Your assignment. Take nothing but the lines from the one with "WELUROWY KOMPLET DRESOWY" through the one with "Recent unicorns are" in the entries below, both ends kept, and return them exactly with pictures left out.

Given records.
..............................
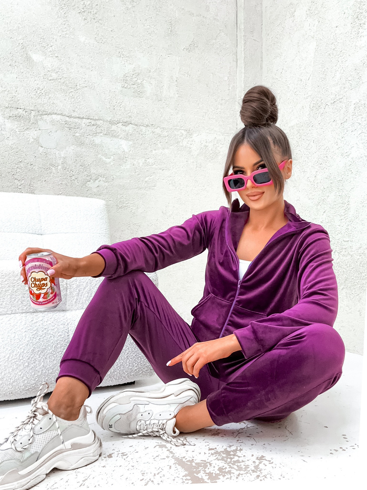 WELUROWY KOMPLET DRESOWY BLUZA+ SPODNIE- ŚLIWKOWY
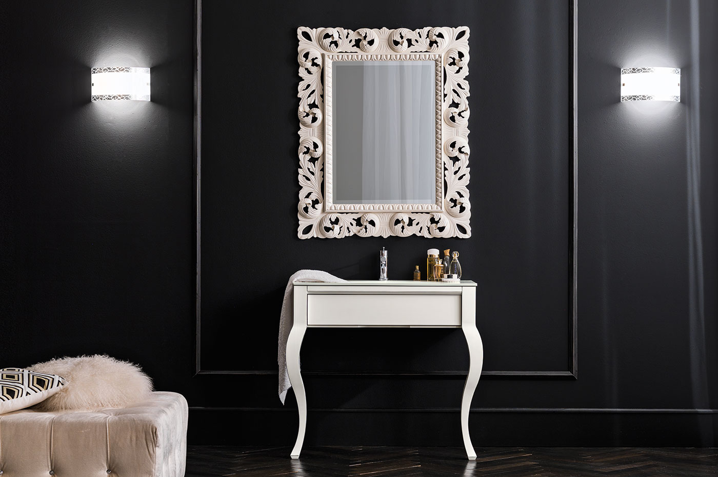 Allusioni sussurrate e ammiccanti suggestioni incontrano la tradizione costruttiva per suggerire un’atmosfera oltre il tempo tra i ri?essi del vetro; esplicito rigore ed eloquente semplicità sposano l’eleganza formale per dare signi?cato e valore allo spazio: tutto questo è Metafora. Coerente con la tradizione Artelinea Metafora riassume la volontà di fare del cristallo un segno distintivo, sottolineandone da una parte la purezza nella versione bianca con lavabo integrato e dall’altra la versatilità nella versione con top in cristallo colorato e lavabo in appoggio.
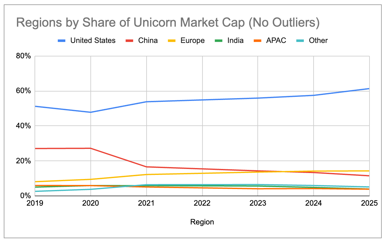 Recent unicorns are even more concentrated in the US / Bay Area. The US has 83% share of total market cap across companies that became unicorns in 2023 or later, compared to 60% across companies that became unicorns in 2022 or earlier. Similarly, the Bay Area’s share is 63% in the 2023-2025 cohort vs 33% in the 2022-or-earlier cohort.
..............................
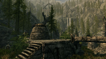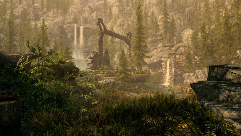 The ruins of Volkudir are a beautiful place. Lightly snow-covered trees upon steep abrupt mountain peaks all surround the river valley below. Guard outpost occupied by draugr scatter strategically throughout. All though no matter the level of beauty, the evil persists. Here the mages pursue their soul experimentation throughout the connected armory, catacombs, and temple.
..............................
Task solution.
 WELUROWY KOMPLET DRESOWY BLUZA+ SPODNIE- ŚLIWKOWY
 Allusioni sussurrate e ammiccanti suggestioni incontrano la tradizione costruttiva per suggerire un’atmosfera oltre il tempo tra i ri?essi del vetro; esplicito rigore ed eloquente semplicità sposano l’eleganza formale per dare signi?cato e valore allo spazio: tutto questo è Metafora. Coerente con la tradizione Artelinea Metafora riassume la volontà di fare del cristallo un segno distintivo, sottolineandone da una parte la purezza nella versione bianca con lavabo integrato e dall’altra la versatilità nella versione con top in cristallo colorato e lavabo in appoggio.
 Recent unicorns are even more concentrated in the US / Bay Area. The US has 83% share of total market cap across companies that became unicorns in 2023 or later, compared to 60% across companies that became unicorns in 2022 or earlier. Similarly, the Bay Area’s share is 63% in the 2023-2025 cohort vs 33% in the 2022-or-earlier cohort.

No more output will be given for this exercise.